Moments of what we call history and moments of what we call memory
Mediathek Sorted
The Germans as persecutors – We as the victims. There are no other categories to describe it. That is not to say that this picture does not reflect reality. But for me it is much more that when the Sachsenhausen experience is only reduced to this, it just becomes a faulty memory, whilst the national generalisations, which do not explain anything further or specify anything, create a cognitively dubious image of reality. This is particularly noticeable in the context of the place at which such addresses are delivered: at the end of the day, the first prisoners of the national socialist regime that were subjected to the collective stigmatisation were German nationals. They were internal aliens who were a danger to the chimaera of national unity and to the national objectives and who suffered as an example for subsequent wars against external aliens. However, understanding this mechanism and demonstrating the inadequacy of homogeneous, national generalisations is secondary. Yes, you could even say that the narrative of the President in this respect is paradoxically and certainly unconsciously consistent with the official position of the NS regime which excluded “different” or “antisocial elements” from the “true” Germanness. That is the logic and that is the price of the myths of tribal identities and of the tribal memories organised around them.
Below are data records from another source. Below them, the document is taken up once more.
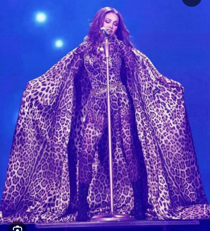 La gloria siempre obsesionada con thalis ese vestuario Thalia lo uso cuando canto en los billboard 2023 obviamente Thalia en perra dolce & gabana y la glow en corriente jejeje
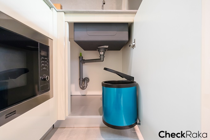 ติดตั้งถังขยะชนิดมีฝาปิดมาให้ที่ใต้ตู้ชั้นล่าง
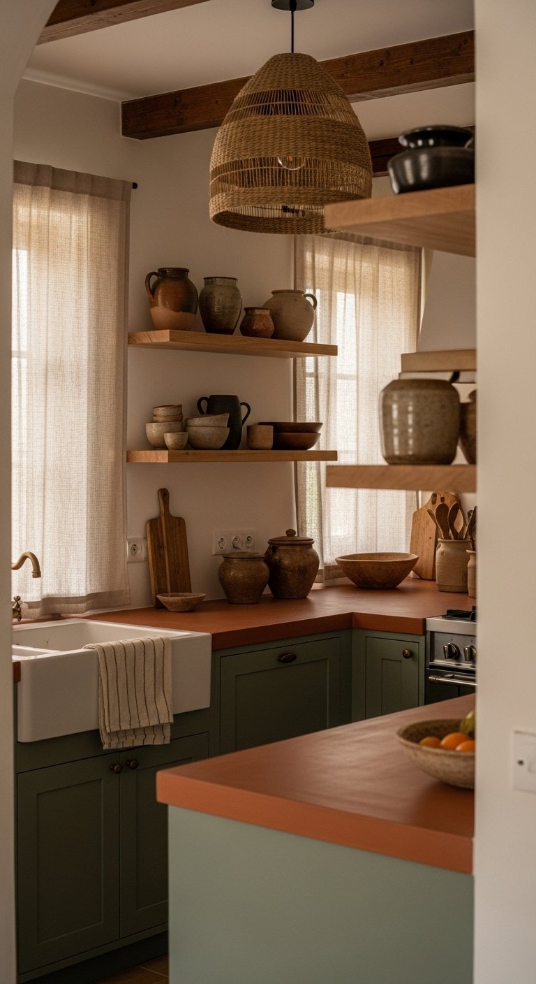 You want to stick to colors found in nature. Warm whites and creams are great for walls. For accents and cabinets, look to terracotta, clay, olive green, sage, mustard yellow, and warm browns. Avoid neon brights or cool, clinical greys. The goal is a palette that feels sun-baked and grounded.
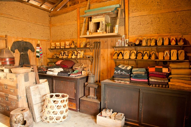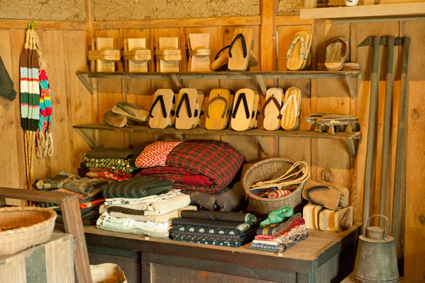部屋の隅には野良着や半纏、下駄、雪駄(せった)、年季の入った職人道具といった品々がズラリと展示されているが、荻原ら青年部の面々が蔵に眠る現代では価値のない古民具や古着を"救出"しては、ここに集結させていたのだった。
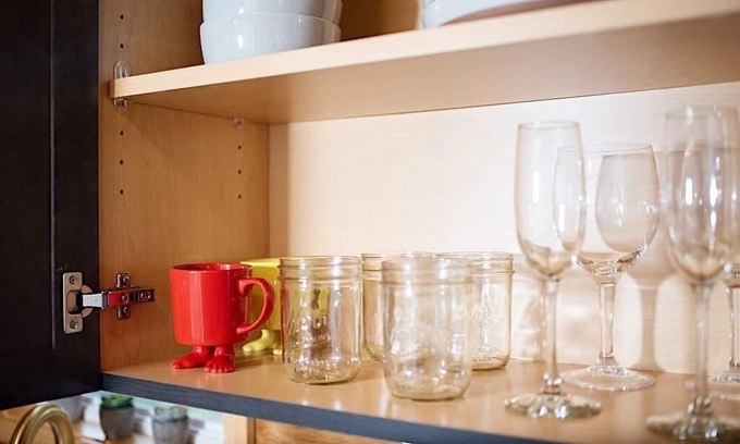 Cook your heart out in a stunning kitchen complete with quartz-style countertops, a gas stove and oven, deep sink with modern gold fixtures, a full-size fridge, and cabinets stocked with the essentials. Coffee maker, toaster, and utensils are all provided.

Forming a counterpole to these opinions is the memory, which one could call universal and which consciously ignores all those collective categories that are so important in the description outlined above, or at least pushes it into the background. The purely personal situation, which is reduced here to a binary system of persecutor and victim characterised by the act of violence, is a model in which the specific opposition inevitably results, or at least can result, from the affiliation to the respective collective group. The categories themselves are accidental and arise from the specific historical circumstances. The exploration of these circumstances is to be prioritised over the great movements that led to tragedy, both with respect to the explanation of the events and to their interpretation, insofar as that is at all possible. At the same time, we are dealing with variables which do not allow the circumstances as such to be understood. Everyone can get into a depressing situation, irrespective of their role in society, the place or the time. This general moment has an important moral and cognitive dimension. In this variant of remembering, it is certainly easier to adopt the victim’s perspective. That is intuitively a moral or even an emotional reflex. Therefore, the predominant forms of this type of memory concentrate on the victims, on the revelation, the naming and the reconstruction of the memory of them, on the ritual respect for then and on the attempt to reconstruct each lifeline which was shaken by the persecution. The piety of those who accept this reconstruction is ethically valuable in itself because it is noble in attitude. If it is filled with empathy and compassion which, in turn, leads to a sensitisation for all the more or less drastic manifestations of repression, degradation and oppression, then all the better.
However, when we do not just react to the oppression that has occurred but also want to properly recognise its dangers and its different manifestations, it seems to me that it is then necessary to keep the reminder of the perpetrators alive and even the memory of the perpetrators themselves.